A question about the strategy of only optimizing code objects that are called a lot. Doesn't this mean that a "main" function containing a major inner loop doesn't get the optimization it might deserve?

PS. I like you a lot but there's no way I'm going to "bare" with you. :-)
msg264674 - (view) Author: Yury Selivanov (yselivanov) * (Python committer) Date: 2016-05-02 21:38
> OK, I get it. I think it would be really helpful if issue 26110 was updated, reviewed and committed -- it sound like a good idea on its own, and it needs some burn-in time due to the introduction of two new opcodes. (That's especially important since there's also a patch introducing wordcode, i.e. issue 26647 and undoubtedly the two patches will conflict.) It also needs to show benchmark results on its own (but I think you've got that).

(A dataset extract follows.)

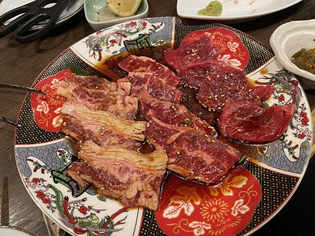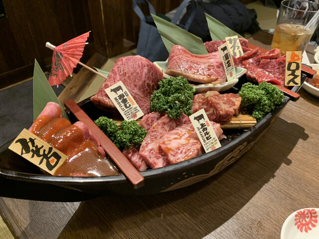 前菜には「キムチ盛り合わせ3種」「ナムル盛り合わせ4種」「韓国海苔」。 鮮度抜群の「本日の神戸牛刺身」や「本日の刺身」で贅沢にスタート。 焼き物は「旨辛味噌タン」「生上タン塩」「あご肉」タンの盛り合わせに加え、神戸牛の「塩ロース」「ネギ塩カルビ」「中ロース」「上中落ち」といった上質なお肉を堪能できます。 さらに、当店名物「冷やし生ピーマン」と「辛味噌ハラミ」「辛味噌鶏」など、スタミナ満点の一皿もラインナップ。 締めには店主おすすめの本日の〆をご用意。 飲み放題付きで、最後まで心ゆくまでお楽しみいただけます。

Right.  Victor asked me to review the wordcode patch (and maybe even commit), and I'll try to do that this week.  LOAD_METHOD/CALL_METHOD patch needs some refactoring, right now it's a PoC-quality.  I agree it has to go first.

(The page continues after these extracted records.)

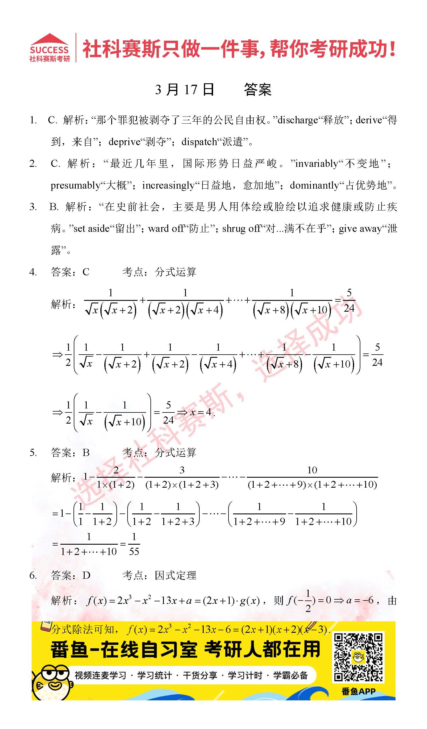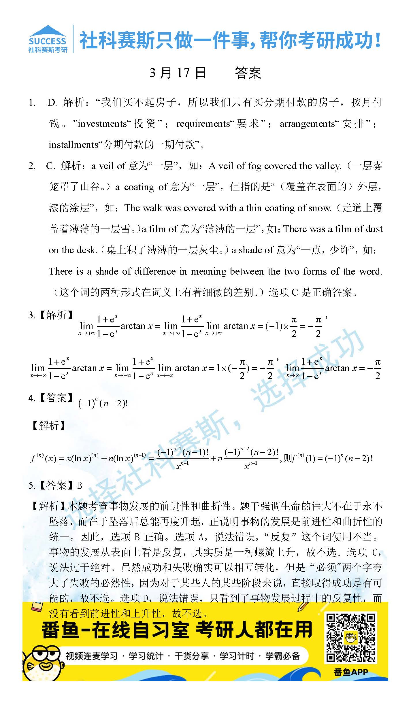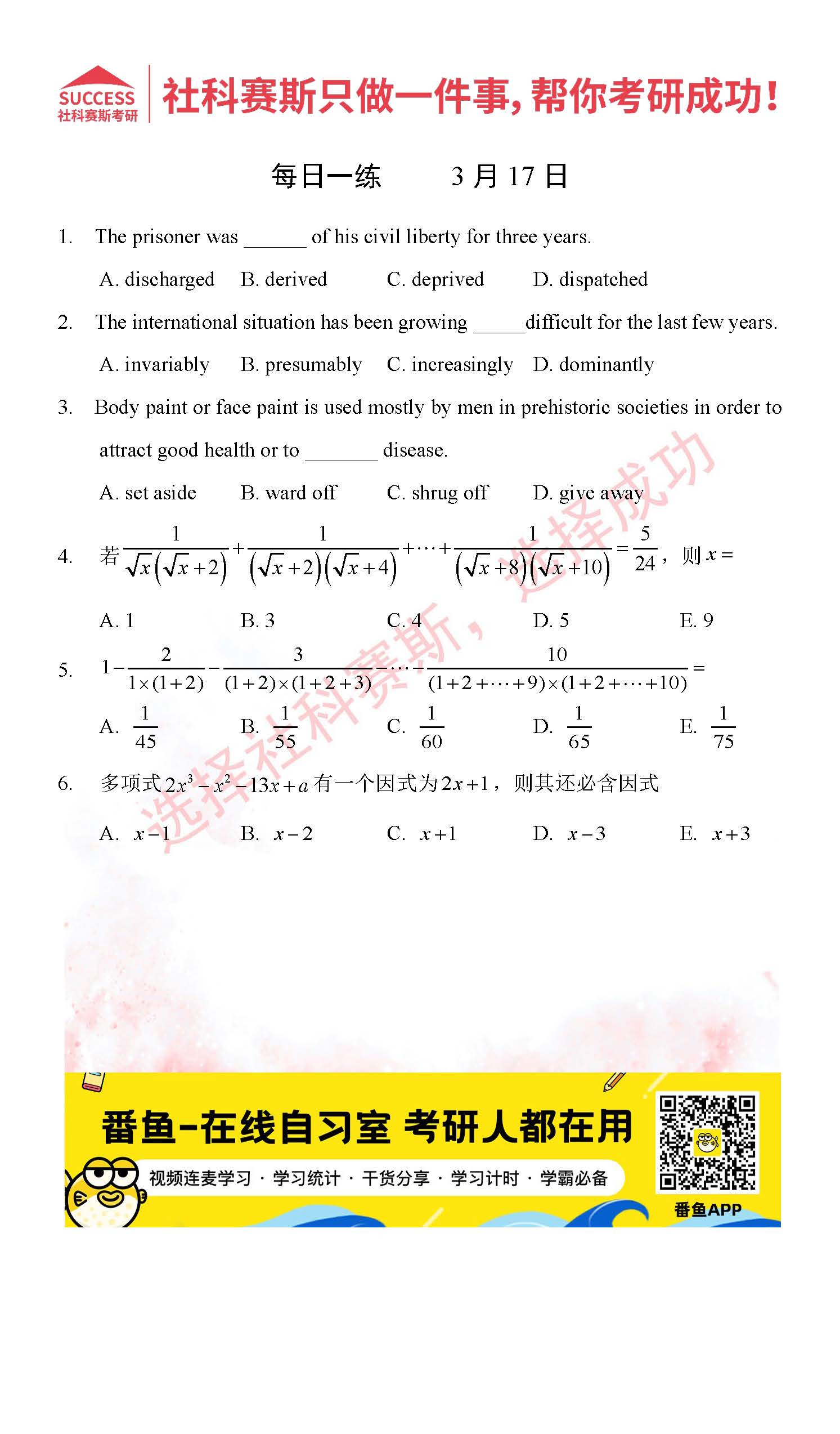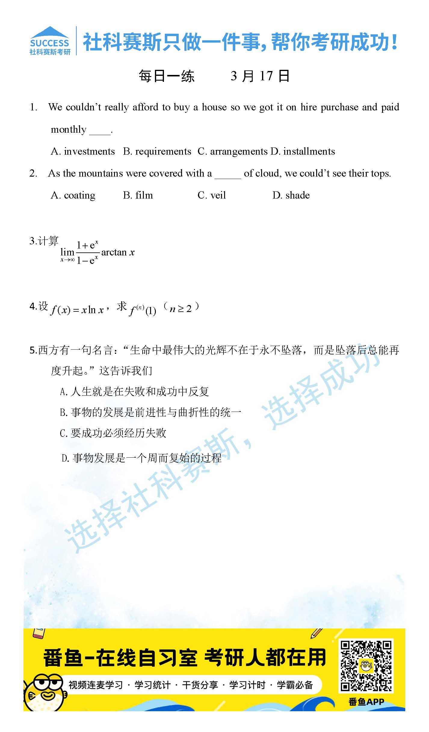導(dǎo)讀:考研是一場持久戰(zhàn),保持良好的學(xué)習(xí)習(xí)慣,是能確保復(fù)習(xí)高效的關(guān)鍵。今天社科賽斯MBA備考網(wǎng)小編整理了“2022管理類聯(lián)3月17日每日一練及答案”的內(nèi)容,希望能對廣大考生有所幫助。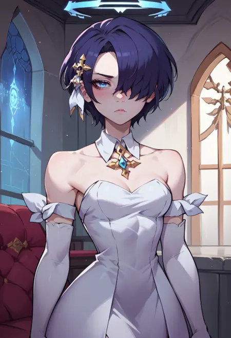 默认服装: 尖顶帽,光环,军装,白色夹克,十字架,长袖,白衬衫,白手套,白裤子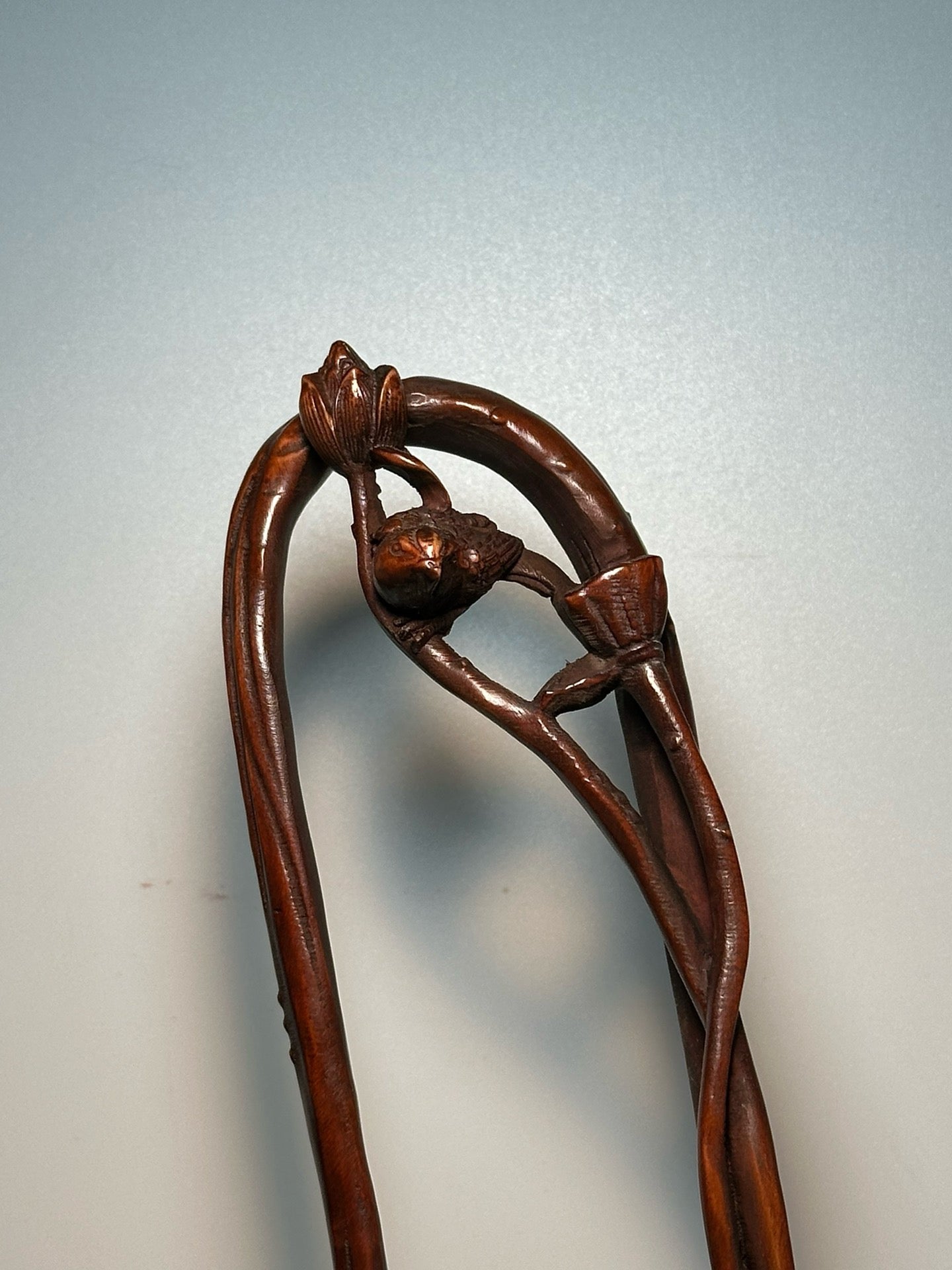 Chinese antique boxwood carving with exquisite craftsmanship, carving a continuous stream of scientific and technological Liang pots

> I am also happy to see the LOAD_GLOBAL optimization, and it alone may be sufficient to save PEP 509 (though I would recommend editing the text of the PEP dramatically to focus on a brief but crisp description of the change itself and the use that LOAD_GLOBAL would make of it and the microbench results; it currently is a pain to read the whole thing).

Alright.  I'll work on this with Victor.

> I have to read up on what you're doing to LOAD_ATTR/LOAD_METHOD. In the mean time I wonder how that would fare in a world where most attr lookups are in namedtuples.

I think there will be no difference, but I can add a microbenchmark and see.

> As a general recommendation I would actually prefer more separate patches (even though it's harder on you), just with very clearly stated relationships between them.

NP. This is a big change to review, and the last thing I want is to accidentally make CPython slower.

> A question about the strategy of only optimizing code objects that are called a lot. Doesn't this mean that a "main" function containing a major inner loop doesn't get the optimization it might deserve?

Right, the "main" function won't be optimized.  There are two reasons of why I added this threshold of 1000 calls before optimizations:

1. We want to limit the memory overhead.  We, generally, don't want to optimize module code objects, and code objects that are called just a few times over long periods of time.  We can introduce additional heuristic to detect long running loops, but I'm afraid that it will add overhead to the loops that don't need this optimization.

2. We want the environment to become stable -- the builtins and globals namespaces to be fully populated (and, perhaps, mutated), classes fully initialized etc.

> PS. I like you a lot but there's no way I'm going to "bare" with you. :-)

Haha, this is my typo of the month, I guess ;)
msg264676 - (view) Author: Guido van Rossum (gvanrossum) * (Python committer) Date: 2016-05-02 21:45
All sounds good. Glad the issue of long-running loops is at least on your
radar.
msg310845 - (view) Author: Nick Coghlan (ncoghlan) * (Python committer) Date: 2018-01-27 06:36
With the 3.7 beta deadline just around the corner, 3.8 will be the next opportunity to reconsider this idea.
msg310956 - (view) Author: Yury Selivanov (yselivanov) * (Python committer) Date: 2018-01-28 15:39
> With the 3.7 beta deadline just around the corner, 3.8 will be the next opportunity to reconsider this idea.

Nick, Ned, Guido,

Would it be OK if we add this to 3.7beta2?

I feel kind of bad about this one... few thoughts:  

1. The speedup is about 5-10% on macro-benchmarks!  This is significant.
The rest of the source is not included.